When this happens throughout AI inference/servicing it will possibly doubtlessly result in incorrect or degraded mannequin output for customers, in the end affecting the standard and reliability of AI companies.

Determine 1 exhibits an instance of this, the place a single bit flip can drastically alter the output of a ResNet mannequin. 

Determine 1: Flipping a random bit of 1 parameter within the 1st convolution (conv) layer in ResNet-18 drastically alters the mannequin’s output.

 

With this escalating thread in thoughts, there are two essential questions: How weak are AI fashions to parameter corruptions?
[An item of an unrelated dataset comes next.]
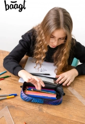 Een stevige etui met uitklapbare scheidingswand biedt maximale bescherming en efficiënte indeling van schoolspullen.

And the way do completely different components (reminiscent of modules and layers) of the fashions exhibit completely different vulnerability ranges to parameter corruptions?

Answering these questions is a crucial a part of delivering dependable AI methods and companies and presents invaluable insights for guiding AI {hardware} system design, reminiscent of when assigning AI mannequin parameters or software program variables to {hardware} blocks with differing fault safety capabilities. Moreover, it will possibly present essential info for formulating methods to detect and mitigate SDCs in AI methods in an environment friendly and efficient method.
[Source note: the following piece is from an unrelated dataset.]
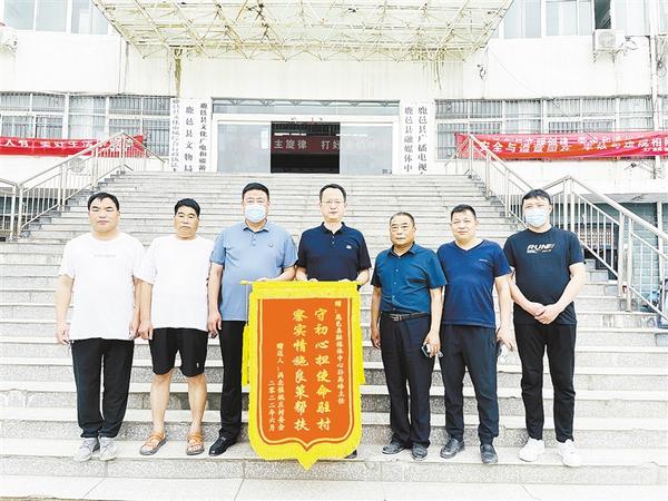 “聚合力,配合村委做好产业发展布局规划;兴产业,因地制宜推进集体经济提质增量;强基础,改善环境扮靓宜居宜业乡村美景;办实事,贴心服务情系群众温暖百姓心……”6月13日上午,鹿邑县涡北镇姚庄行政村村“两委”干部专程来到县融媒体中心将两面印着“守初心担使命驻村 察实情施良策帮扶”“勇担使命下基层 驻村帮扶解民忧”的锦旗,送到驻村干部孙高峰手中,感谢他和县融媒体中心为姚庄行政村办的实事好事。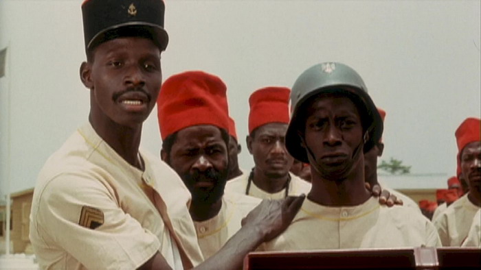Camp de Thiaroye s’agit sans nul doute d’une formidable référence cinématographique, cultivant un rythme soutenu mais foncièrement passionnant dans sa peinture sans fioritures de l’infanterie franco-africaine coloniale, armée instrumentalisant sa chair à canon pour mieux la considérer in fine comme une quantité négligeable. Si la violence des uns répond à celle des autres les toubabs sont plus que jamais sur la sellette tendue par Ousmane Sembène : capitaines dédaigneux, généraux sans foi ni loi ou encore lieutenants veules et soumis aux ordres hiérarchiques font figure de pions moralement médiocres voire entièrement condamnables au regard de leurs agissements. Les sénégalais, maliens et autres ivoiriens sont quant à eux dépréciés tels des demi-hommes, en voulant pour preuve leur pécule réduit de moitié par l’administration dudit camp.

Parameter vulnerability factor (PVF) is a novel metric we’ve launched with the purpose to standardize the quantification of AI mannequin vulnerability in opposition to parameter corruptions. PVF is a flexible metric that may be tailor-made to completely different AI fashions/duties and can be adaptable to completely different {hardware} fault fashions. Moreover, PVF will be prolonged to the coaching section to guage the consequences of parameter corruptions on the mannequin’s convergence functionality.

What’s PVF?

PVF is impressed by the architectural vulnerability issue (AVF) metric used inside the pc structure neighborhood. We outline a mannequin parameter’s PVF because the chance {that a} corruption in that particular mannequin parameter will result in an incorrect output. Just like AVF, this statistical idea will be derived from statistically intensive and significant fault injection (FI) experiments. 
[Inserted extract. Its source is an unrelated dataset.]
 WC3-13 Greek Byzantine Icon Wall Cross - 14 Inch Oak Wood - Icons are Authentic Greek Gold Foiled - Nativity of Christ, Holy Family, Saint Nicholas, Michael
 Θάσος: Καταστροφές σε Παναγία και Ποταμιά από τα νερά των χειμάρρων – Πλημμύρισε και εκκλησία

PVF has a number of options:

Parameter-level quantitative evaluation

As a quantitative metric, PVF concentrates on parameter-level vulnerability, calculating the chance {that a} corruption in a selected mannequin parameter will result in an incorrect mannequin output. This “parameter” will be outlined at completely different scales and granularities, reminiscent of a person parameter or a gaggle of parameters.

Scalability throughout AI fashions/duties

PVF is scalable and relevant throughout a variety of AI fashions, duties, and {hardware} fault fashions.

Supplies insights for guiding AI system design

PVF can present invaluable insights for AI system designers, guiding them in making knowledgeable selections about balancing fault safety with efficiency and effectivity. For instance, engineers would possibly leverage PVF to assist map greater weak parameters to better-protected {hardware} blocks and discover tradeoffs on latency, energy, and reliability by enabling a surgical strategy to fault tolerance at selective places as a substitute of a catch-all/none strategy. 

Can be utilized as a normal metric for AI vulnerability/resilience analysis

PVF has the potential to unify and standardize such practices, making it simpler to match the reliability of various AI methods/parameters and fostering open collaboration and progress within the trade and analysis neighborhood.

How PVF works

Just like AVF as a statistical idea, PVF must be derived via numerous FI  experiments which are statistically significant. Determine 2 exhibits an total circulate to compute PVF via a FI course of. We’ve introduced a case examine on the open-source DLRM inference with extra particulars and instance case research in our paper.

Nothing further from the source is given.